Si on pousse la réflexion encore plus loin, la vie elle-même est temporaire. Tout est temporaire. Temporaire, temporaire. Je répète ce mot en boucle parce que je sens qu’il porte en lui le salut que je cherche, sans que je ne comprenne encore tout à fait la bénédiction de l’impermanence des choses.
Bien qu’elles ne soient pas toujours agréables, les situations temporaires ont quelque chose de réconfortant. Je m’accommode plus facilement des choses inconfortables quand je sais qu’elles ne vont pas durer. Et soudain, dormir chez les autres devient plus rassurant que dormir chez moi. Avoir un chez moi, même, devient angoissant. Comme si être en mouvement était la seule façon pour moi de ne pas paniquer. Être en mouvement, c’est être constamment dans des situations qui ne durent pas.
Et en cela, me mettre en marche est certainement la chose la plus pertinente à faire pour moi.

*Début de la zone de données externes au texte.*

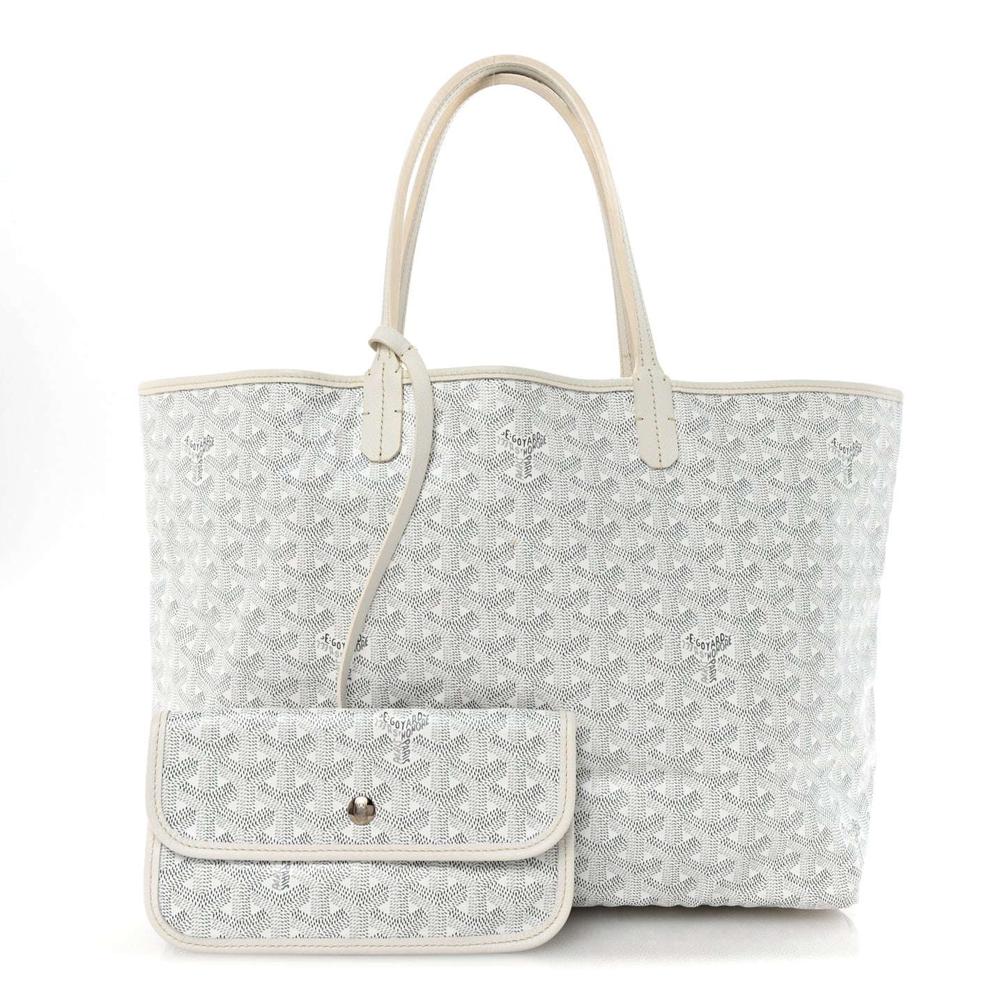 This is an authentic GOYARD Goyardine Saint Louis PM in White. This tote is crafted of Goyard chevron white canvas. The bag has a white leather trim along the top and white leather handles. The top is open to a beige canvas interior with a matching removable pouch.Follow this item for alerts. Goyard is a registered trademark of Goyard. FASHIONPHILE is not affiliated with Goyard.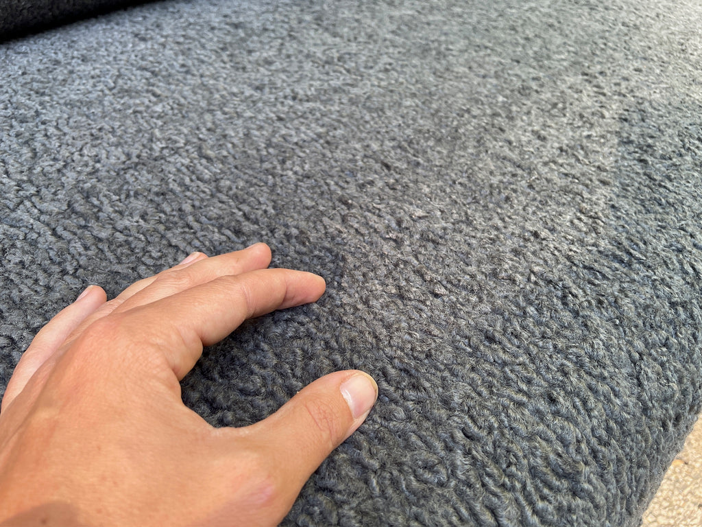 The fabric is a chunky, dark gray boucle. Soft and comfortable. The foam is all new and is comfortable. The sofa is like new but with that vintage quality and unique design.

Prendre la tangente, filer à l’anglaise, embarquer dans un sac à dos une vie entière, et me mettre à marcher.
Me coucher dans un endroit différent chaque nuit, voir un paysage différent chaque jour. Cesser de croire que je suis passé à côté de ma vie parce que je n’ai pas de copain, pas de fiançailles, pas d’appart, pas de bébé, pas de plan.

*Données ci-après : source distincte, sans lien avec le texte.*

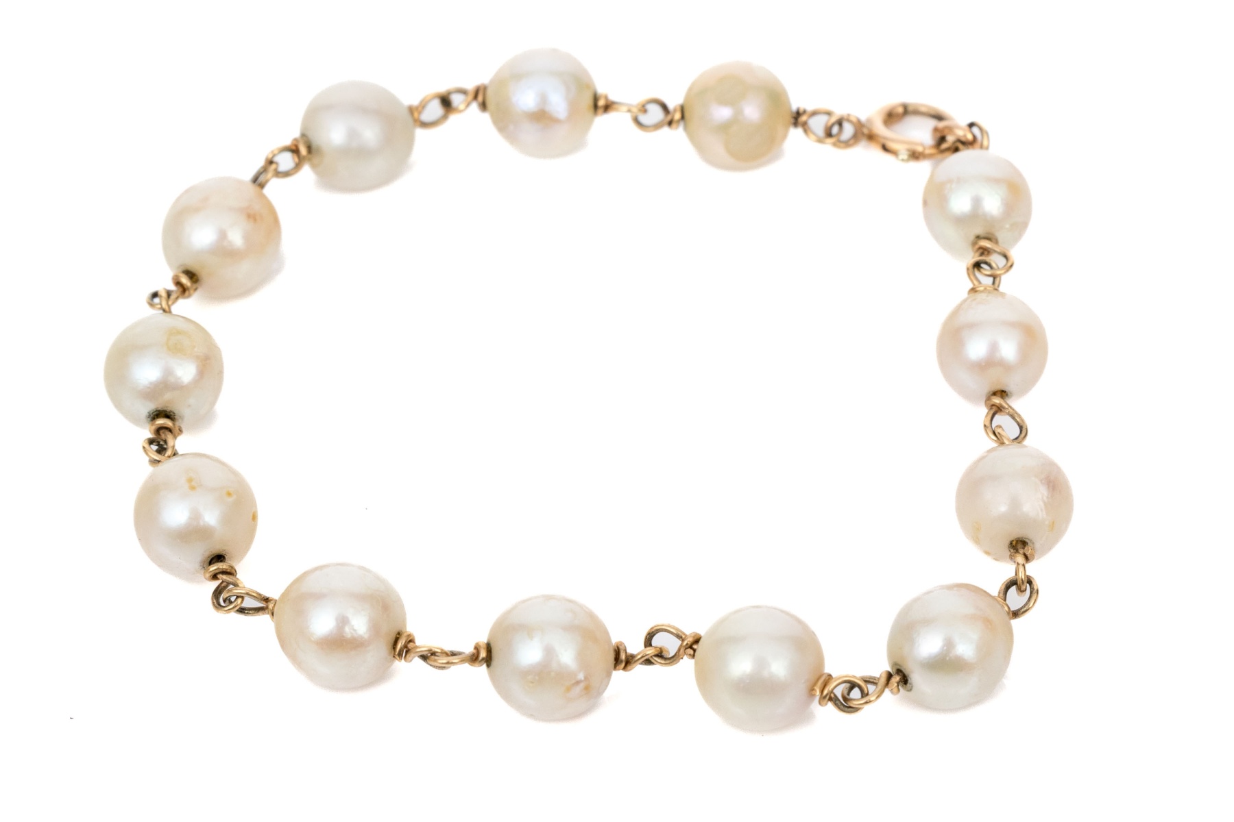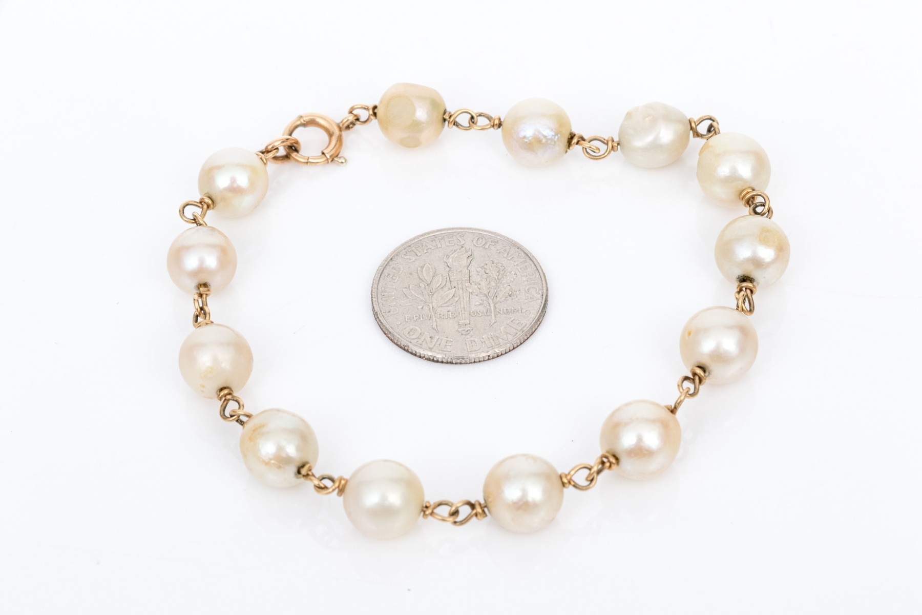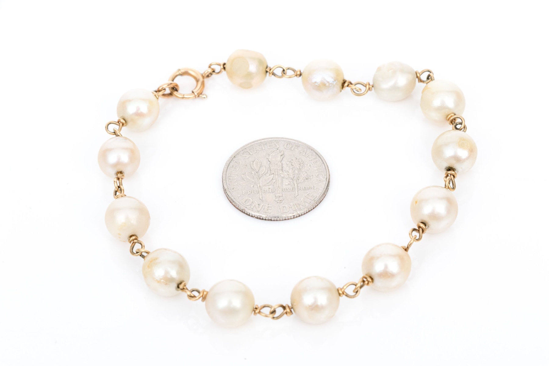 14k yellow gold handsome 7.25mm to 7.75 mm cultured baroque tin cup style bracelet, finished with a spring ring clasp

Accepter de me dire qu’au contraire de mes camarades, mon chemin à moi n’a pas un caillou pareil, pas un arbre identique, parce qu’il fait tantôt chaud, tantôt froid, la météo changeant au fil de ma progression sans cesse mouvante, différente, imprévisible.
On ne peut rien construire sur un sol mobile.

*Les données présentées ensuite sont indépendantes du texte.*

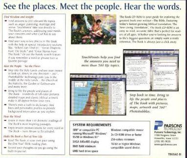 The Book CD-ROM brings the Bible to life with exciting interactive activities for the entire family using the QuickVerse engine, today's most advanced program for biblical exploration. Packed with photobubble tours of the Holy Land, a devotional tool, dramatic readings, and other applications, this product will provide hours of family fun and learning.
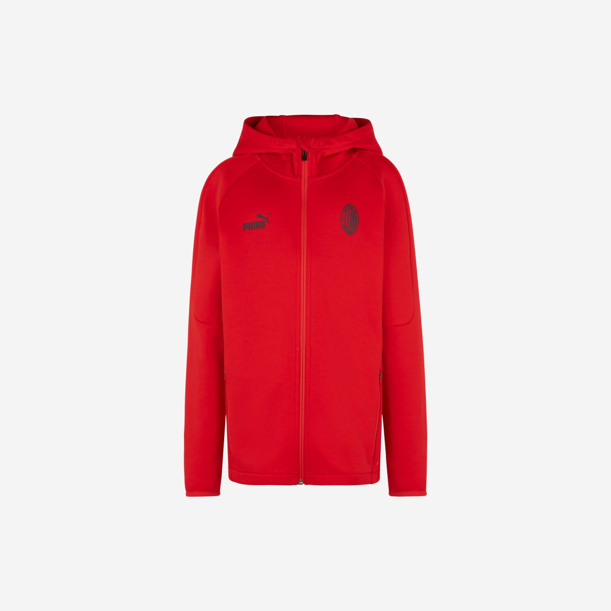 Felpa AC Milan da bambino della collezione Casuals 2022/23 con cappuccio, apertura con zip e tasche frontali.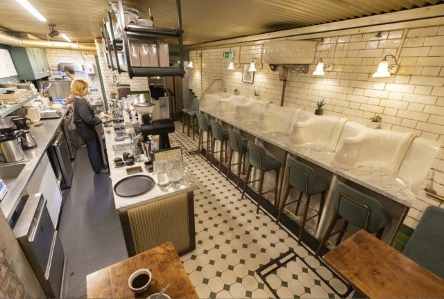 Before us is an interesting idea of English entrepreneurs who decided to give a second life to the historic public restroom in London. Previously, there was a toilet, which opened in 1890, worked for 70 years from breaks, and now it has become... a coffee shop. In total there are 36 square meters. During the work, 12 layers of paint were removed, but this is not the main thing - the smell is gone.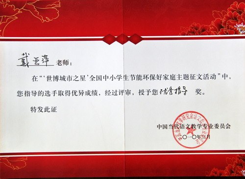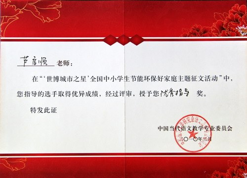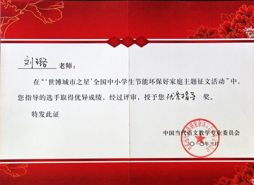 我校八名同学在“世博城市之星”节能环保好家庭主题征文大赛中取得优异成绩。他们还将获得由中国当代语文教学委员会主办的2010年“希望杯”全国优秀小作家现场作文大赛参赛资格。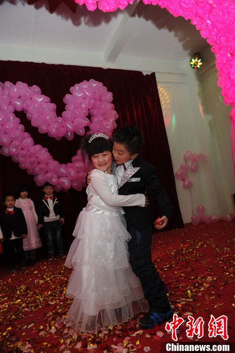 Plus de cent jeunes enfants de cinq ans se sont mariés vendredi dernier à Zhengzhou, dans la province du Henan, à l'occasion d'un mariage de groupe factice organisé par une école maternelle, une activité qui inquiète certains experts dès lors qu'on enseigne bien trop tôt aux enfants le fonctionnement des relations entre adultes.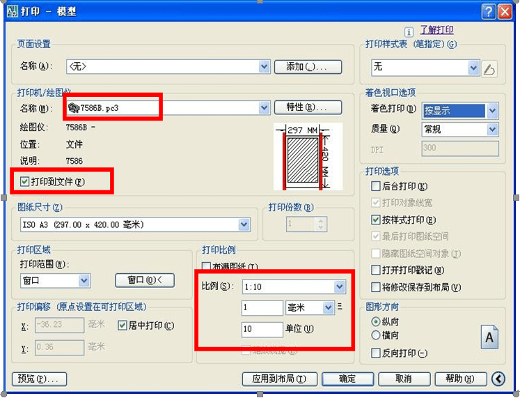 Step03:打印机名称选择“7586B.pc3”,点选“打印到文件”,选择合适图纸尺寸,调整比例,窗口选择打印部分,点“确定”打印成 plt 文件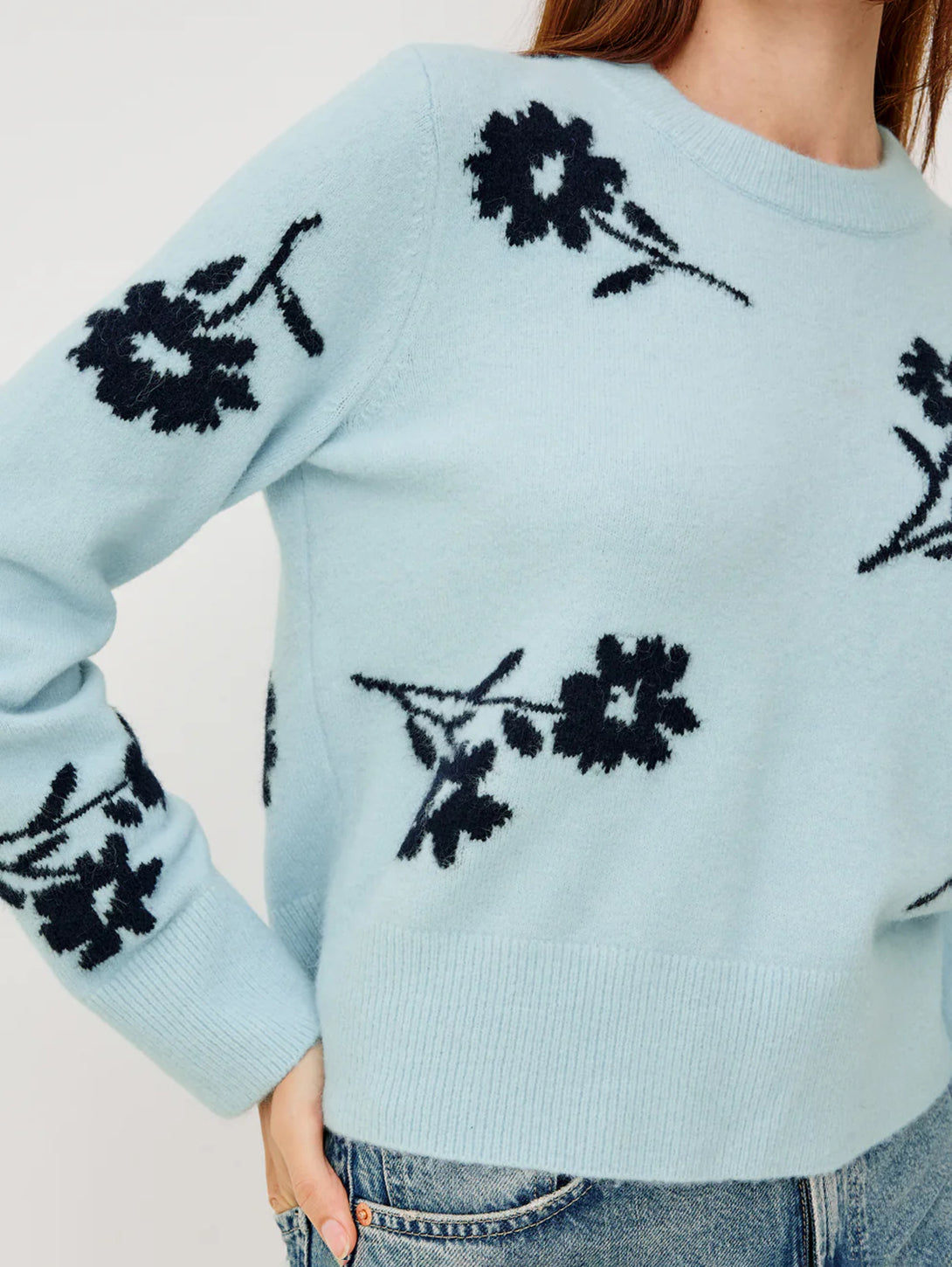 Long Sleeve Print Distressed Crew Sweater - Purple
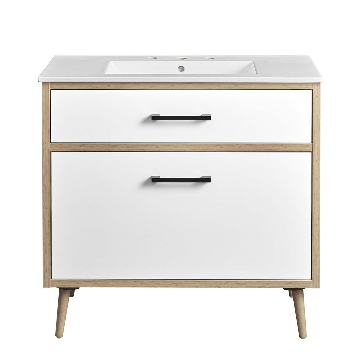 The Maverick 36'' Bathroom Vanity is the perfect blend of modern style and convenience. Crafted with particleboard and melamine, the simple yet elegant design is enhanced by modern metal handle pulls and tapered and splayed rubberwood legs. The spacious full-glide bottom drawer provides plenty of storage space for all your bathroom essentials, while the fixed top drawer adds complementing style. This bathroom vanity cabinet features a ceramic sink basin with an integrated countertop and 8'' centerset faucet holes. This bathroom vanity instantly transforms your space, creating a beautiful, modern look that will last for years. Includes non-marking foot glides to protect flooring. Assembly required. Fixtures not included. Set Includes: One - Cayman 36'' Bathroom Sink One - Maverick 36'' Bathroom Vanity Cabinet - Sink Basin Not Included

Mais il me faut cesser de croire que c’est quelque chose de mal. Les hommes, autrefois, étaient nomades. J’aime à penser que je le suis aussi, et que lorsque mon cœur aura cessé d’avoir peur de l’être, je saurai enfin marcher, courir, voler sans me retourner, sans regretter, et prendre en chemin ce que la vie veut bien m’apporter.
Peut-être qu’il est là, mon modèle de vie. Peut-être que je n’ai pas à me conformer à la sédentarité et au schéma normé, et que mon aventure à moi aura tout autant de valeur. Peut-être que ce n’est pas grave de ne pas avoir de maison à moi, pas d’investissement immobilier ou pas de carrière. Ces cases apportent avec elle la sécurité d’un projet à long terme, la certitude d’être ancré quelque part, là ou moi je ne m’ancre à rien, si ce n’est à moi-même. Peut-être que ma vie à moi sera une longue succession de situations temporaires, d’histoires courtes que j’aurai pris plaisir à vivre et qui alimenteront un livre riche de chapitres, qui ne seront jamais assez longs pour être ennuyeux.